On with the problem.  After disconnecting the gearbox by removing the drive belt, I checked the motor for general wear and tear, the brushes and speed control mechanism and I concluded that it all seemed OK and working smoothly.  The gearbox however did seem a bit noisy when turned manually, nothing hideously graunchy, but a little rough.  To be honest, it would have probably survived, but I wanted to open up the gearbox to make sure that it was as it should be.

Whilst removing the Chef’s casing around the gearbox, I’d noticed traces of grease around the joints and various power take-offs.  All models seem to do this to an extent, but this one seemed to be quite bad.  Closer inspection revealed that some of the grease had escaped out of the seal between the two halves of the gearbox casing.  Opening up the casing revealed that the grease that was left had been pushed to the corners of the space within the gearbox and that the gears were a bit dry, this was probably the root cause of the noise.  The planet wheel that drives the beater was also bone dry.

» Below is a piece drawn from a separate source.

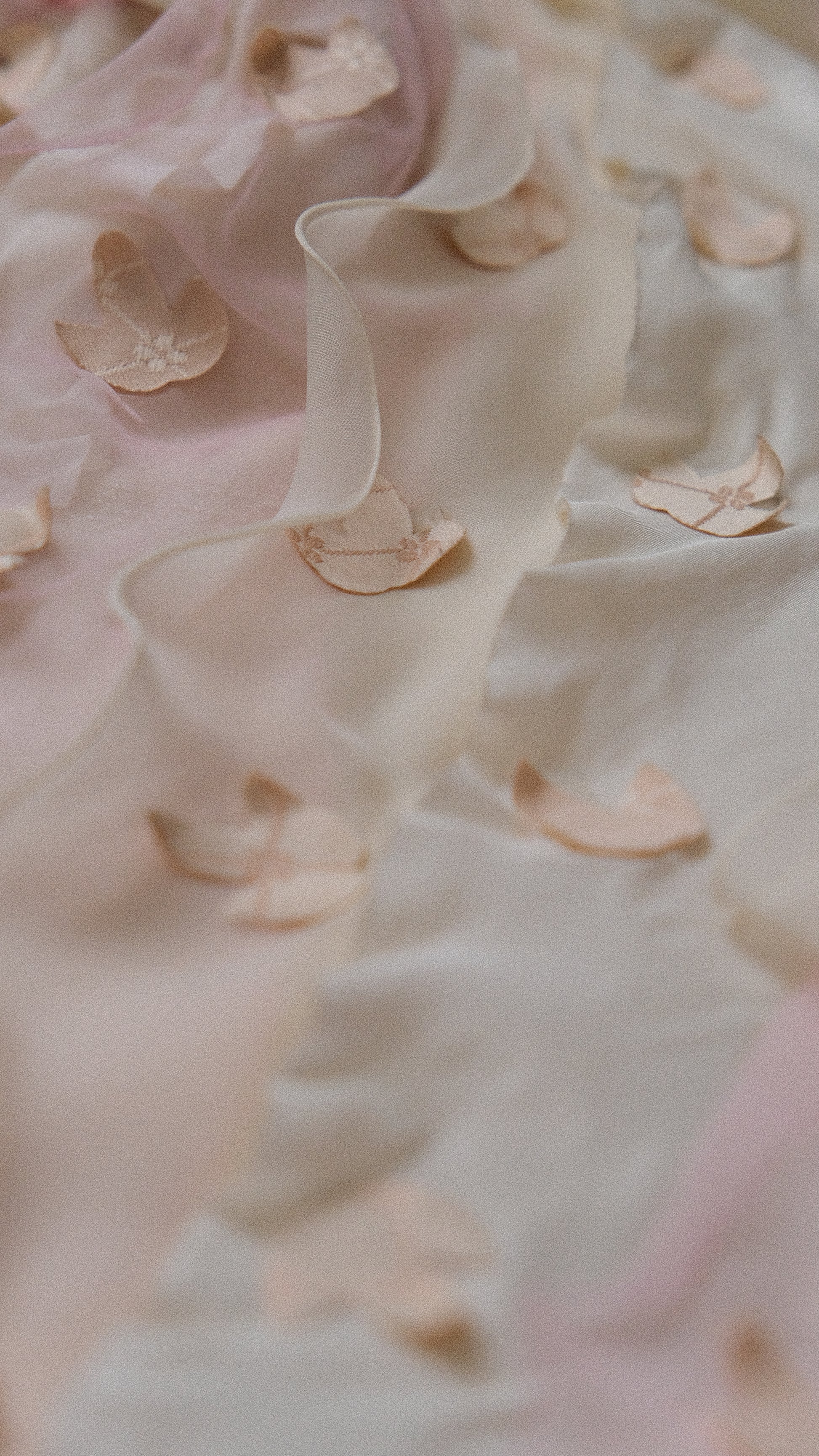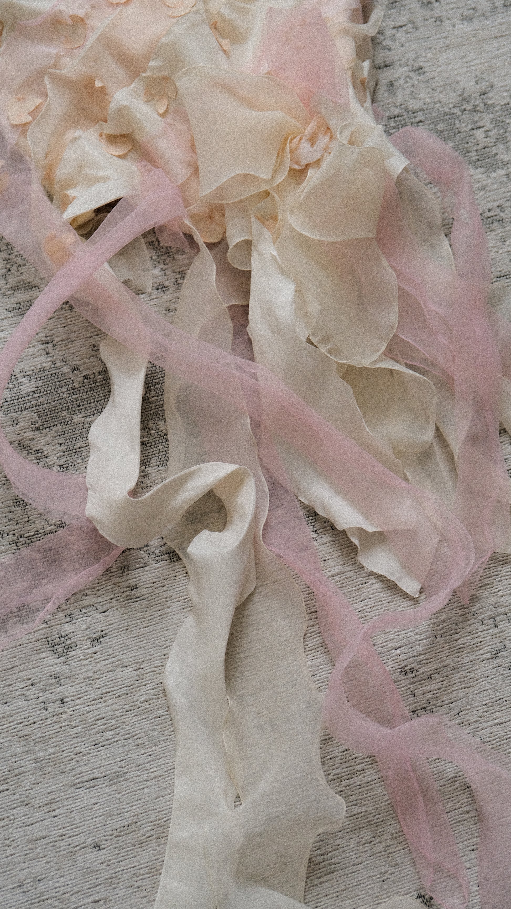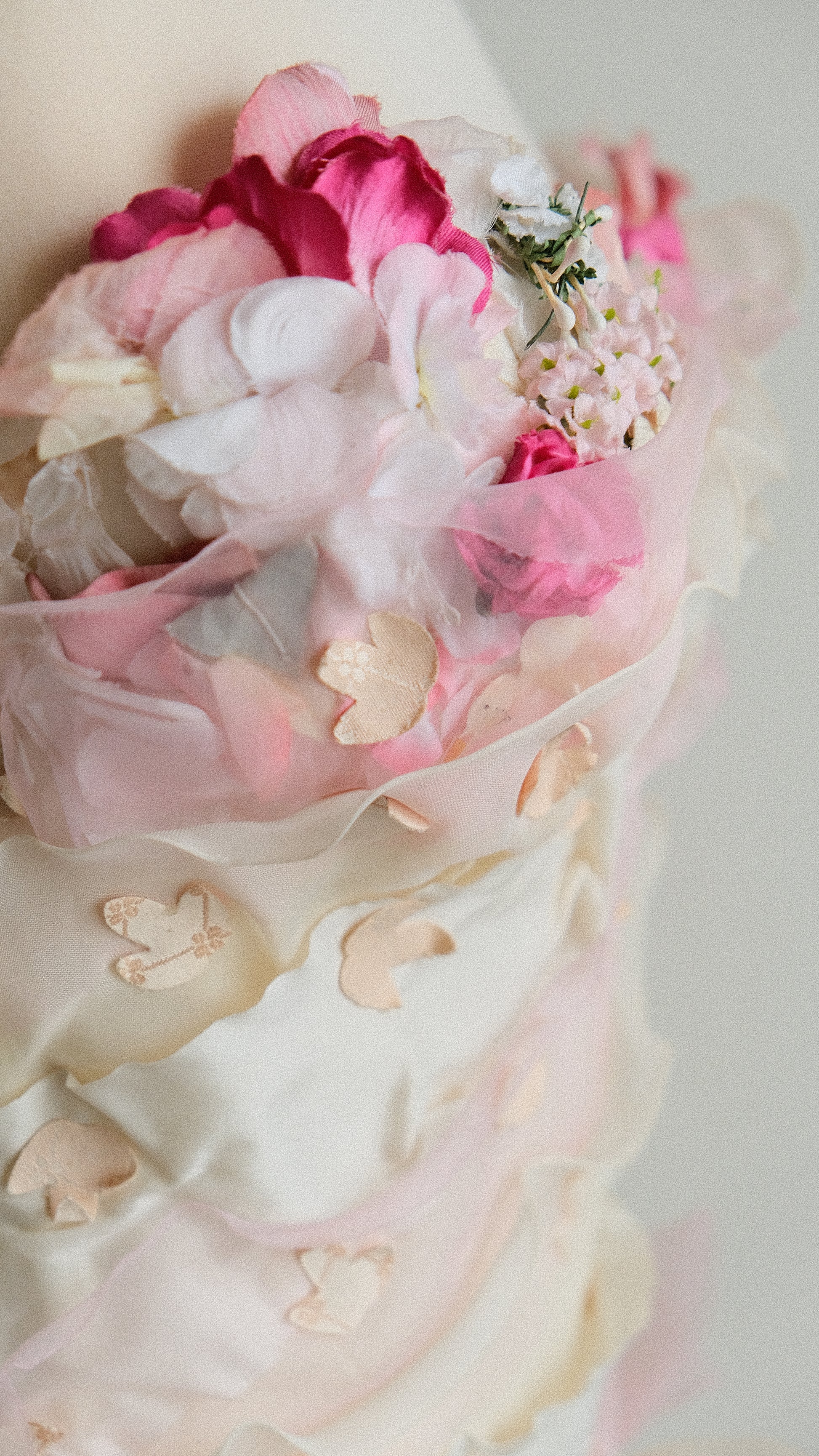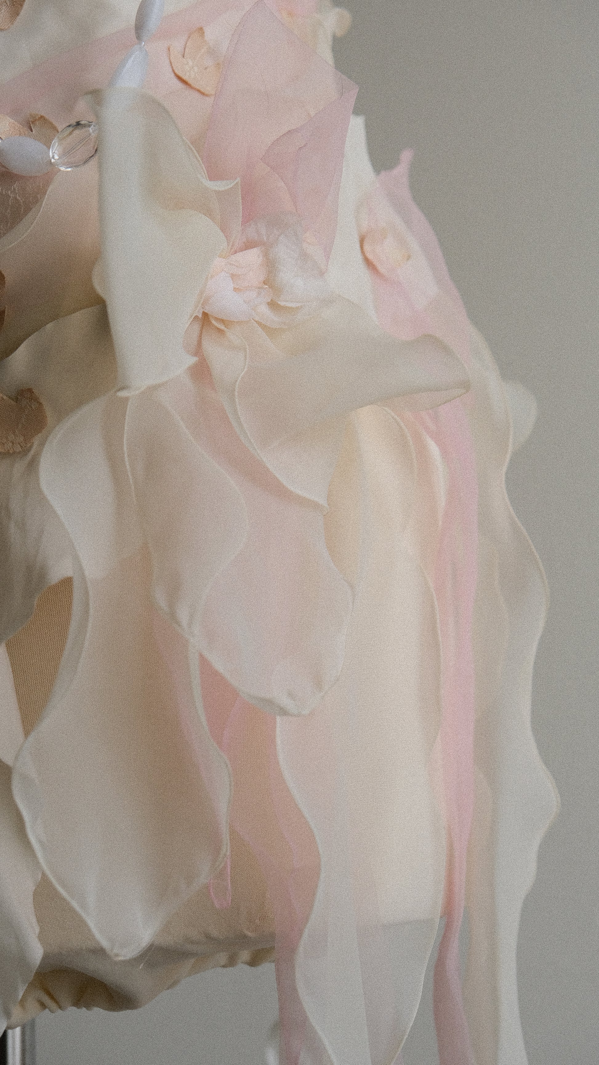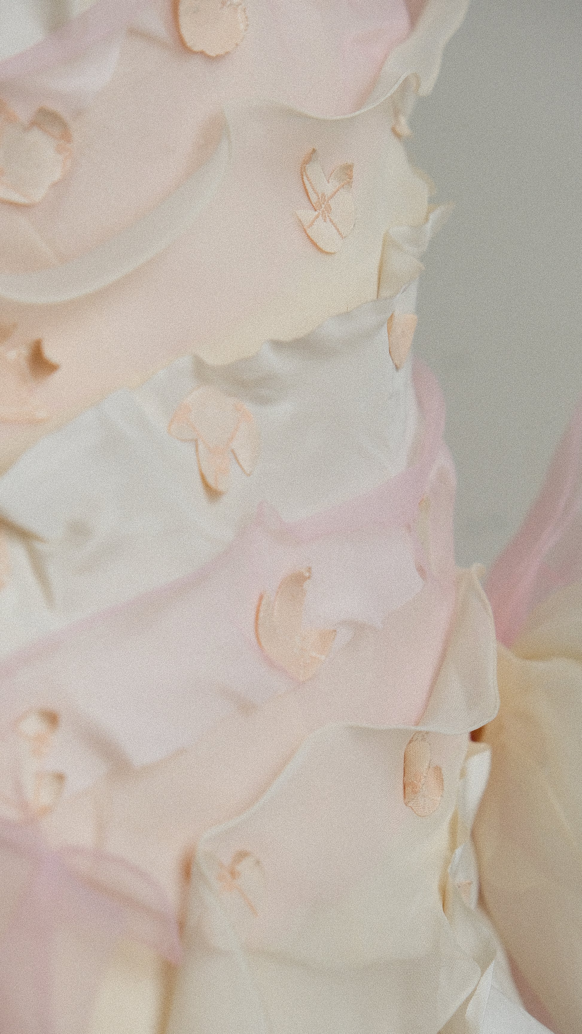A garment cascading with layers of cream and rose, made for fairytale moment.

Luckily, there are plenty of suppliers who can supply rebuild kits for Kenwood Chef gearboxes, including new gears and grease.  The gears in this seemed serviceable, but it seemed very sensible to replace the lubricant with the correct 130g of Kenwood gearbox grease, which is food safe.  I used ‘Kenwood Chef Restore’, an eBay seller and the kit was a reasonable £10.99, including P&P.  The kit included the main gearbox grease, white grease for the planet gear and sealant for the gearbox casing.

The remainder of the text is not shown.